*Your instructions*: An exact copy is required of the lines running from the one that contains "Cascar las nueces" to the end of the material, both ends included, with pictures omitted.

*Data segment*:
****************************************
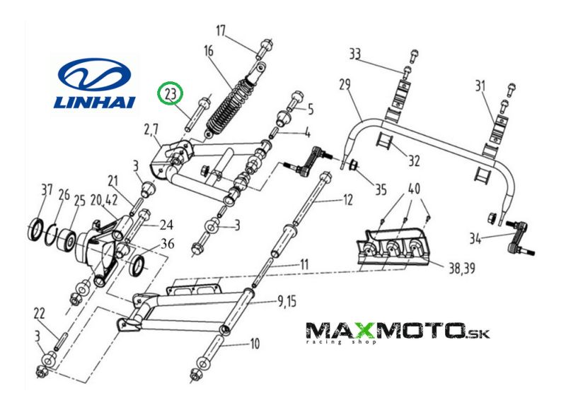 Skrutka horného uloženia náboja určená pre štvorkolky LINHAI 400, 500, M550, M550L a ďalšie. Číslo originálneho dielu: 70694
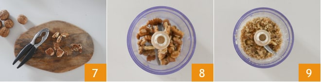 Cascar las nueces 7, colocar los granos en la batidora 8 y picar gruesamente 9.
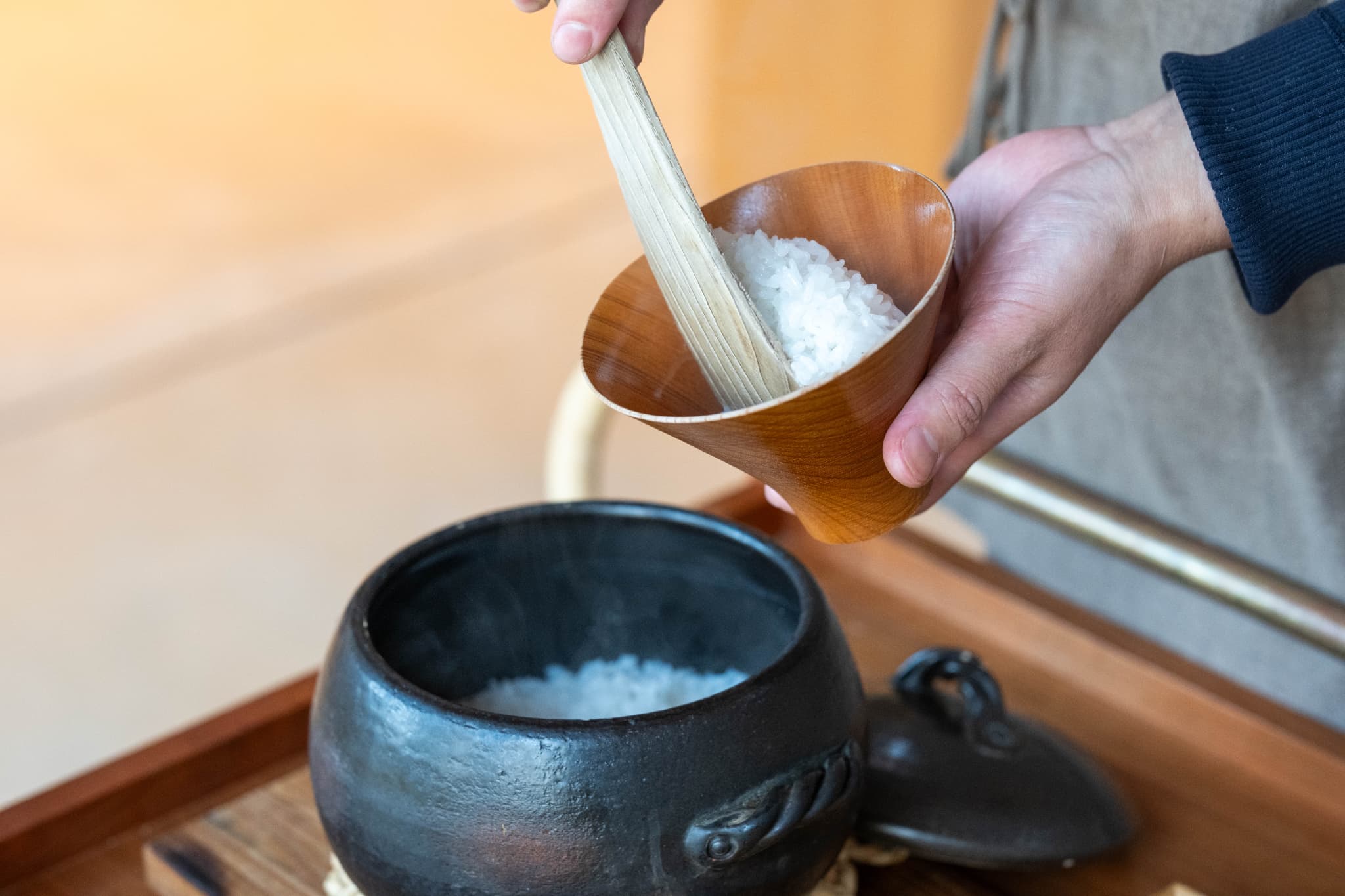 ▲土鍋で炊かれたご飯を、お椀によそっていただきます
****************************************
*Written answer*:
 Cascar las nueces 7, colocar los granos en la batidora 8 y picar gruesamente 9.
 ▲土鍋で炊かれたご飯を、お椀によそっていただきます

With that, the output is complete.